### Exercise directions
Begin at the top of the records below and print each line exactly until the line containing "さて、2年生の「せいかつ」で" has been printed; any pictures are to be left out.
-------- Information given --------
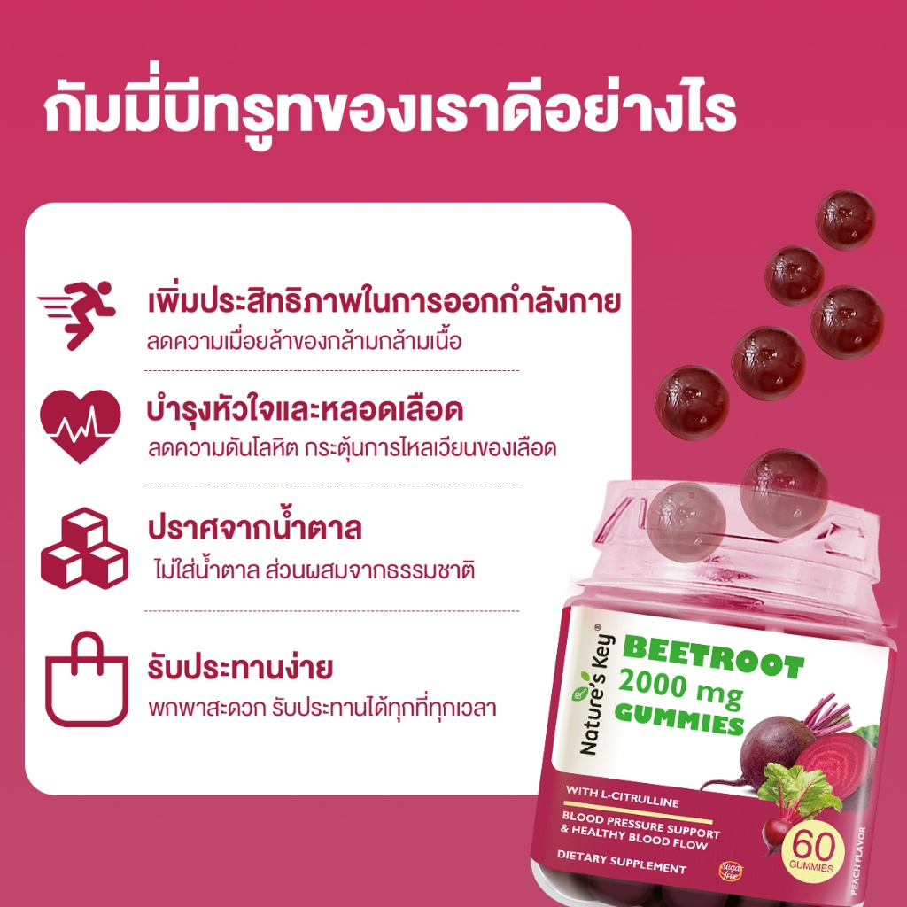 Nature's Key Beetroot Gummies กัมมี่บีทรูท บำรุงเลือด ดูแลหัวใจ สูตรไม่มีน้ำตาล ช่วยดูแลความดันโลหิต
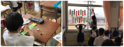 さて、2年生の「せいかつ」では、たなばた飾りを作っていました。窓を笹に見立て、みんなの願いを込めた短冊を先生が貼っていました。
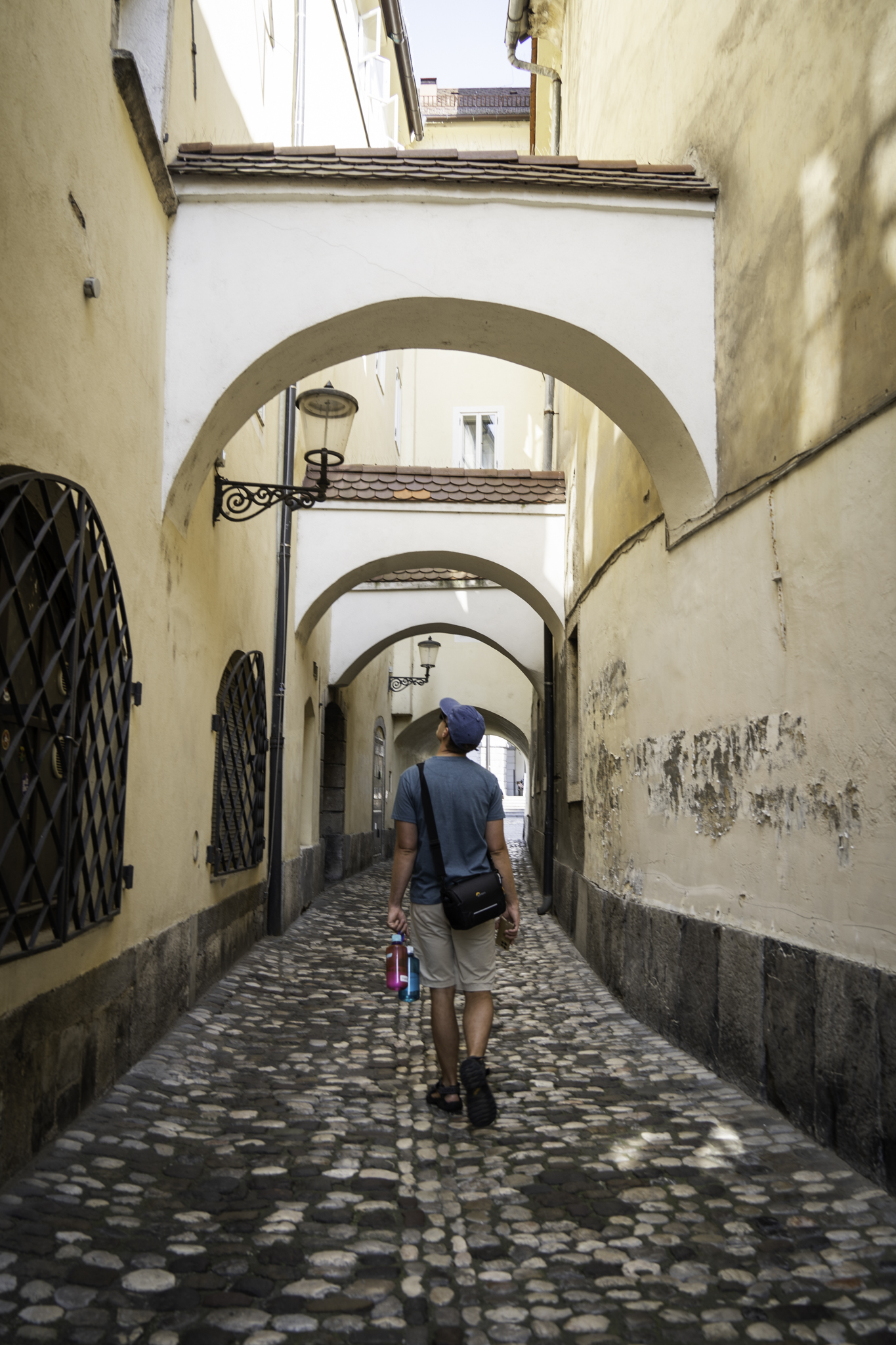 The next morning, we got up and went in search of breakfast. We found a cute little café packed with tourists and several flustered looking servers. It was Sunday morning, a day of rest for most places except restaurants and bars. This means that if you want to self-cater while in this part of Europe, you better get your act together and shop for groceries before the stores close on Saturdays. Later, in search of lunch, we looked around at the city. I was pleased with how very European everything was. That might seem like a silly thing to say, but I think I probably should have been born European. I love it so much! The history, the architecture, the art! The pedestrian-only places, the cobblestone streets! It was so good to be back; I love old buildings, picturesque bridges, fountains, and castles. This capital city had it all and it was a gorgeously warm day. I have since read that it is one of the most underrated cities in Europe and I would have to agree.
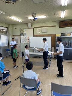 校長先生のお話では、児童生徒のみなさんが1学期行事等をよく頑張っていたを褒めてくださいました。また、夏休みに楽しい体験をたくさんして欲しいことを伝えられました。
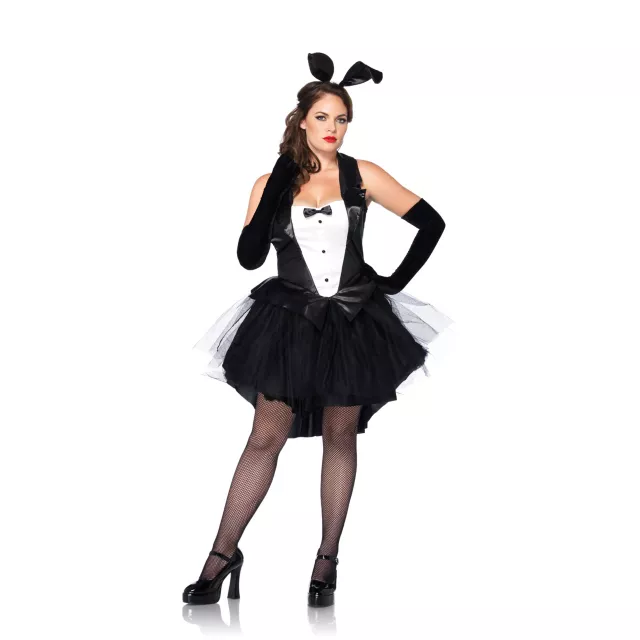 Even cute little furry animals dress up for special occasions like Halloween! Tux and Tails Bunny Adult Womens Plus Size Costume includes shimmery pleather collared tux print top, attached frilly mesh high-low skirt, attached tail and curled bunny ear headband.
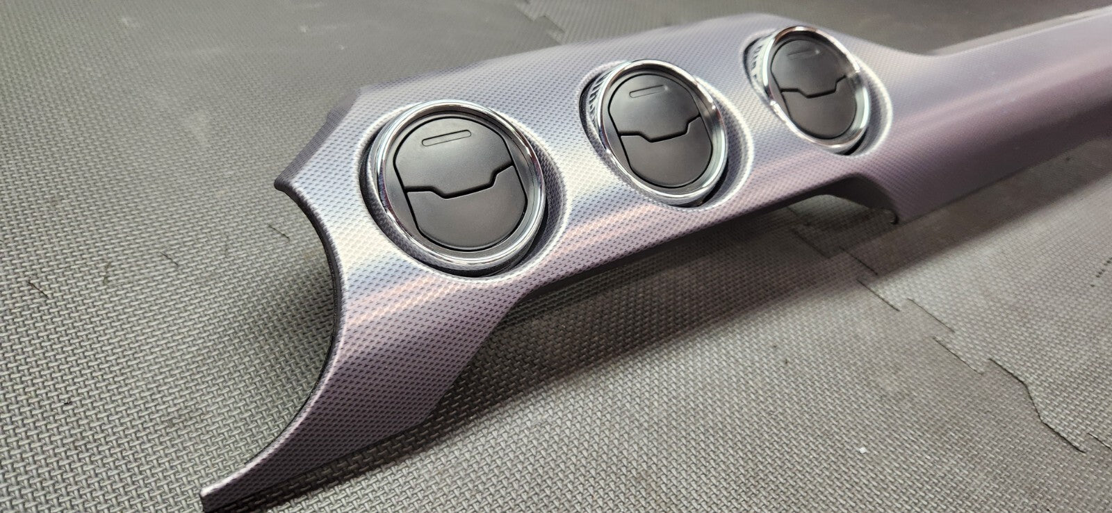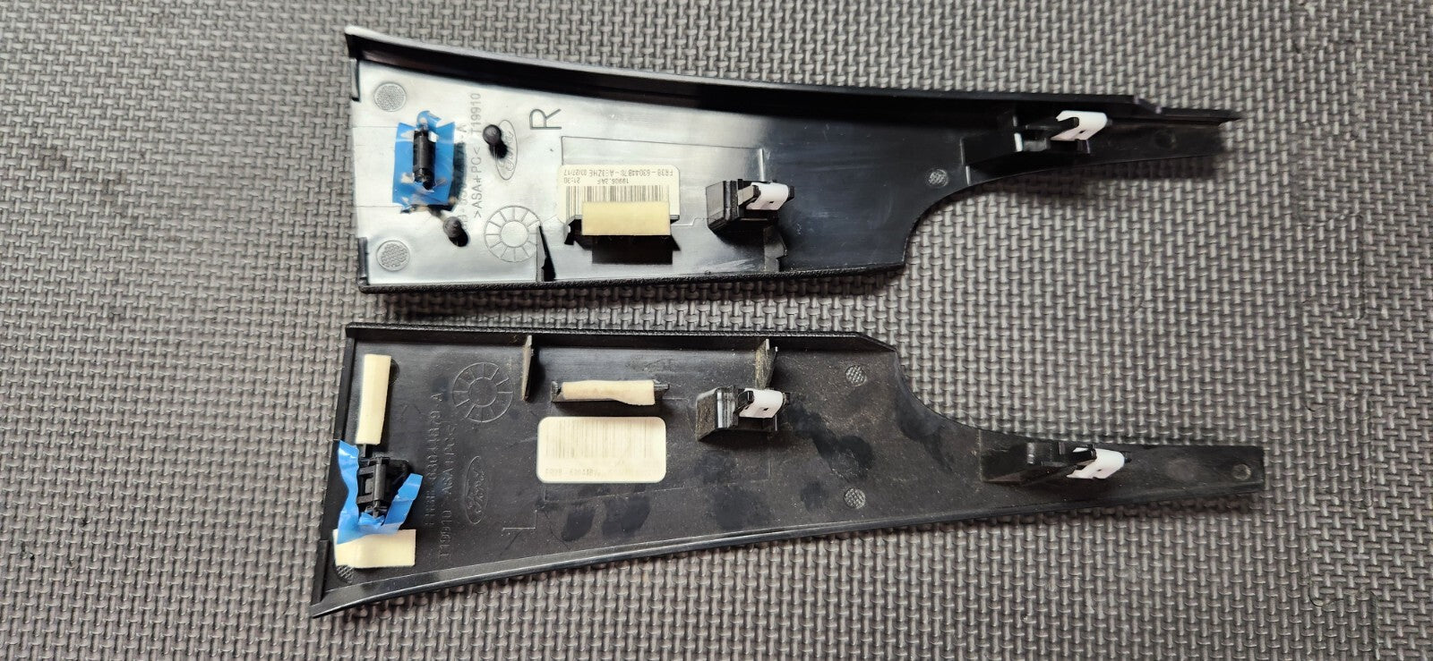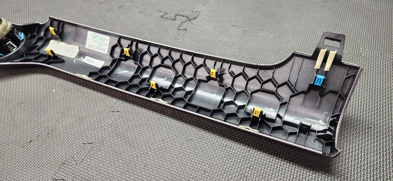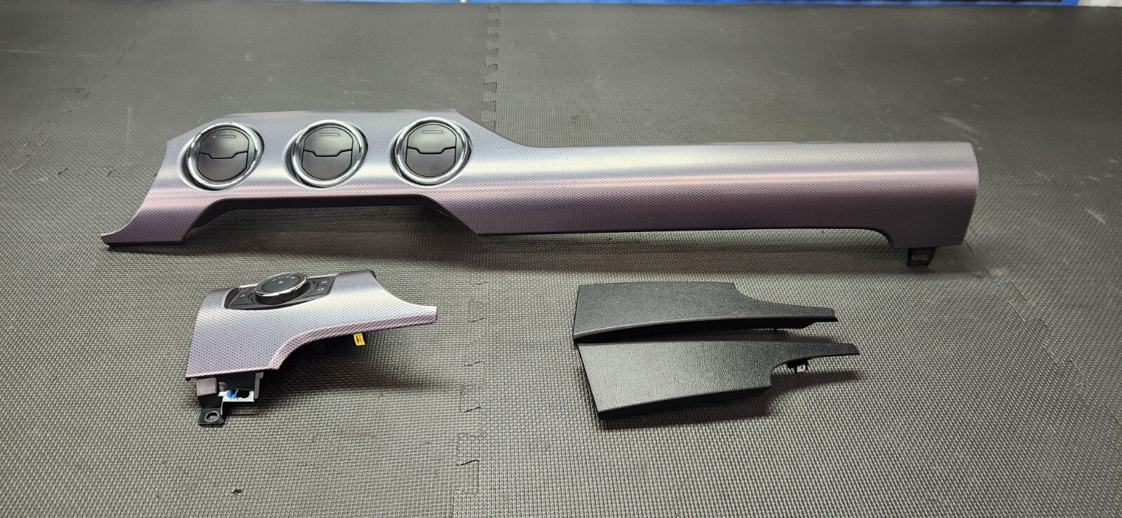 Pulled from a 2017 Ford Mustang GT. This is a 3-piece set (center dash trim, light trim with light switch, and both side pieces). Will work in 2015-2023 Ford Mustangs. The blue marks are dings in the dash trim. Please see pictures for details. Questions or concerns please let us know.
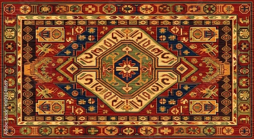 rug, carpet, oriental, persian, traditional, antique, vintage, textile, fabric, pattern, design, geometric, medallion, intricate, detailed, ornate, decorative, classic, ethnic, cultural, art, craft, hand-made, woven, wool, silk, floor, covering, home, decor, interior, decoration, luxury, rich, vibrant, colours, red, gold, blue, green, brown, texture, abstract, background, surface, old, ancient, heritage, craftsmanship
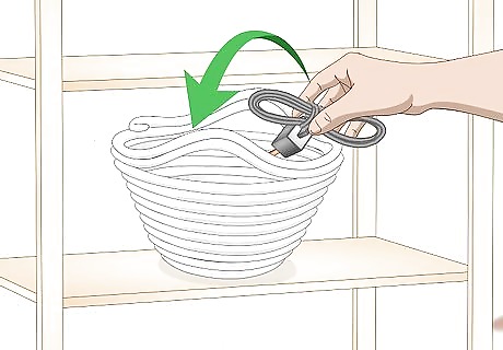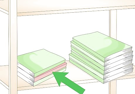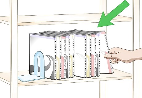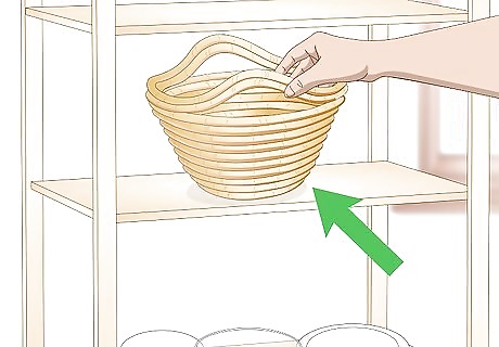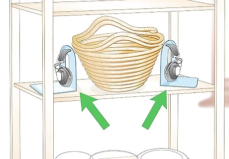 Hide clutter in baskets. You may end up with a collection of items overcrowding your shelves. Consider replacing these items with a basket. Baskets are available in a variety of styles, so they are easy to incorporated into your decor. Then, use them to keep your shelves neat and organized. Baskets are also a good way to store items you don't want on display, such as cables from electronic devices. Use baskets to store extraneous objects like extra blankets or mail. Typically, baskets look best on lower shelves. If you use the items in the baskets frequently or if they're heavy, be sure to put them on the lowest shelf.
--------
### Response area
 Nature's Key Beetroot Gummies กัมมี่บีทรูท บำรุงเลือด ดูแลหัวใจ สูตรไม่มีน้ำตาล ช่วยดูแลความดันโลหิต
 さて、2年生の「せいかつ」では、たなばた飾りを作っていました。窓を笹に見立て、みんなの願いを込めた短冊を先生が貼っていました。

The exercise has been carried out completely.